MediWound Announces $30 Million Registered Direct Offering of Ordinary Shares

YAVNE, Israel, September 29, 2025 -- MediWound Ltd. (Nasdaq: MDWD) (the “Company”), a global leader in next-generation enzymatic therapeutics for tissue repair, today announced that it has entered into a definitive securities purchase agreement led by a prominent U.S.-based mutual fund and other healthcare-focused investors for the sale and purchase of 1,734,105 ordinary shares of the Company, par value NIS 0.07 per share, at a purchase price of $17.30 per share, in a registered direct offering. The Company expects to close the offering on or about September 30, 2025, subject to the satisfaction of customary closing conditions.

H.C. Wainwright & Co. is acting as the exclusive placement agent for the offering.

The gross proceeds to the Company from the offering are expected to be approximately $30 million, before deducting placement agent fees and other offering expenses payable by the Company. The Company intends to use the net proceeds from the offering primarily to support EscharEx’s pre-commercial activities, to enhance its large-scale manufacturing capabilities, and for general corporate purposes.

The securities described above are being offered by means of the Company's shelf registration statement on Form F-3 (File No. 333-285908), previously filed with the Securities and Exchange Commission (the "SEC") on March 19, 2025, and declared effective by the SEC on March 27, 2025, the accompanying prospectus, dated March 27, 2025. A final prospectus supplement and accompanying prospectus relating to the securities being offered in the offering will be filed with the SEC. Electronic copies of the final prospectus supplement and accompanying prospectus may be obtained, when available, on the SEC's website at http://www.sec.gov. and may also be obtained by contacting H.C. Wainwright & Co., LLC at 430 Park Avenue, 3rd Floor, New York, New York 10022, by phone at (212) 856-5711 or e-mail at placements@hcwco.com.

This press release shall not constitute an offer to sell or a solicitation of an offer to buy any of these Company securities, nor shall there be any sale of these Company securities in any state or other jurisdiction in which such offer, solicitation or sale would be unlawful prior to the registration or qualification under the securities laws of any such state or other jurisdiction.

About MediWound

MediWound Ltd. (Nasdaq: MDWD) is a global biotechnology company focused on developing and commercializing enzymatic therapies for non-surgical tissue repair. The company’s FDA-approved biologic, NexoBrid®, is indicated for the enzymatic removal of eschar in thermal burns and is marketed in the U.S., European Union, Japan, and other international markets. MediWound is also advancing EscharEx®, a late-stage investigational therapy for the debridement of chronic wounds. EscharEx has demonstrated clinical advantages over the leading enzymatic debridement product and targets a substantial global market opportunity.
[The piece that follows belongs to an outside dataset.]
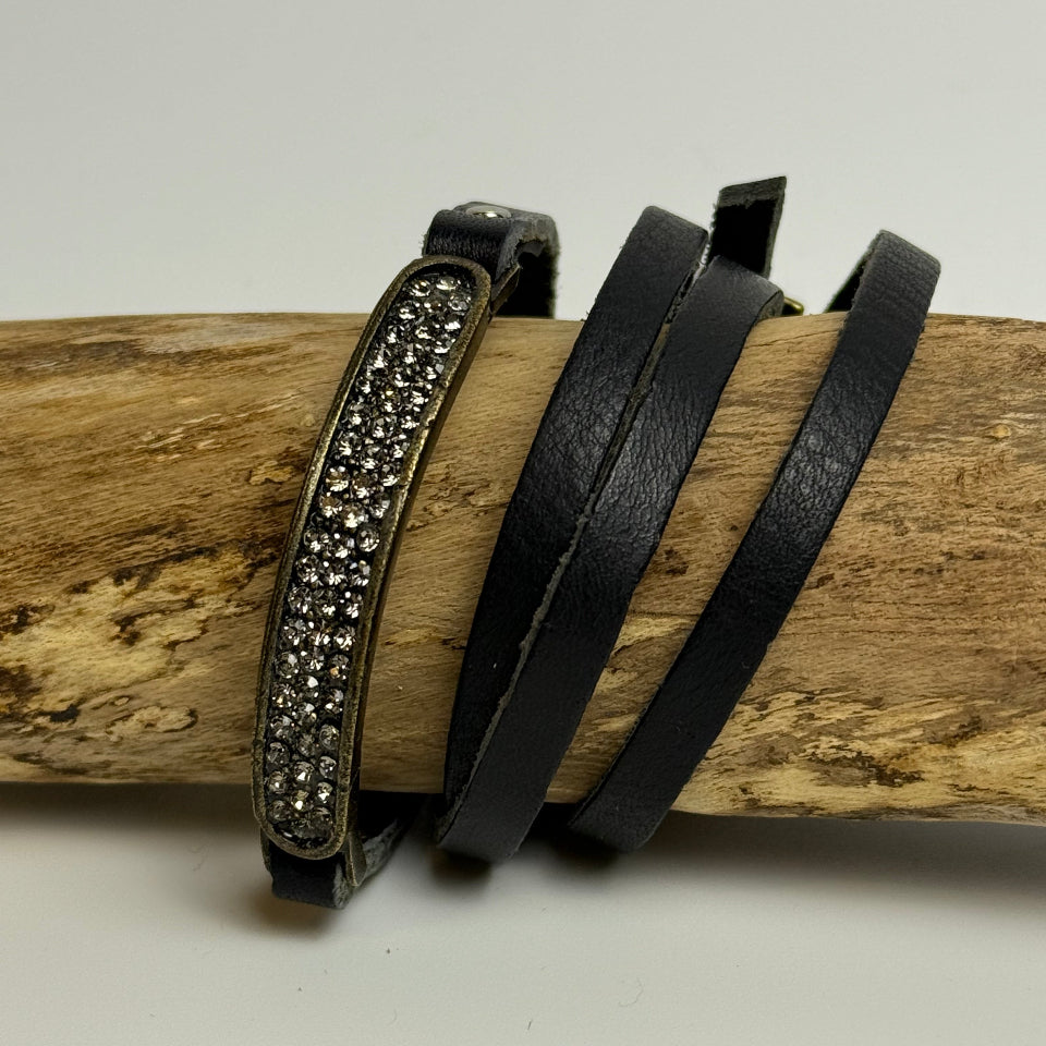 Crystal ID leather wrap bracelet. Antique brass finish with black diamond crystals. Genuine Italian leather. Handcrafted in Brooklyn.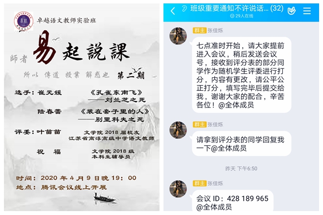 4月9日晚,由18卓语开展的“易”起说课特色活动第二期借助腾讯会议APP于线上如期举行。18卓语陆春蕾、崔元媛同学作为选手参加此次活动。必赢线路检测3003no12018届校友、江苏省高淳高级中学语文教师叶苗苗,18卓语辅导员祝福担任评委。2018级卓越语文教师实验班全体同学参与,此次活动由18卓语班长张佳烁主持。

Cautionary Note Regarding Forward-Looking Statements

MediWound cautions you that all statements other than statements of historical fact included in this press release that address activities, events, or developments that we expect, believe, or anticipate will or may occur in the future are forward-looking statements. Although we believe that we have a reasonable basis for the forward-looking statements contained herein, they are based on current expectations about future events affecting us and are subject to risks, assumptions, uncertainties, and factors, all of which are difficult to predict and many of which are beyond our control.  Actual results may differ materially from those expressed or implied by the forward-looking statements in this press release.  These statements are often, but are not always, made through the use of words or phrases such as “anticipates,” “intends,” “estimates,” “plans,” “expects,” “continues,” “believe,” “guidance,” “outlook,” “target,” “future,” “potential,” “goals” and similar words or phrases, or future or conditional verbs such as “will,” “would,” “should,” “could,” “may,” or similar expressions.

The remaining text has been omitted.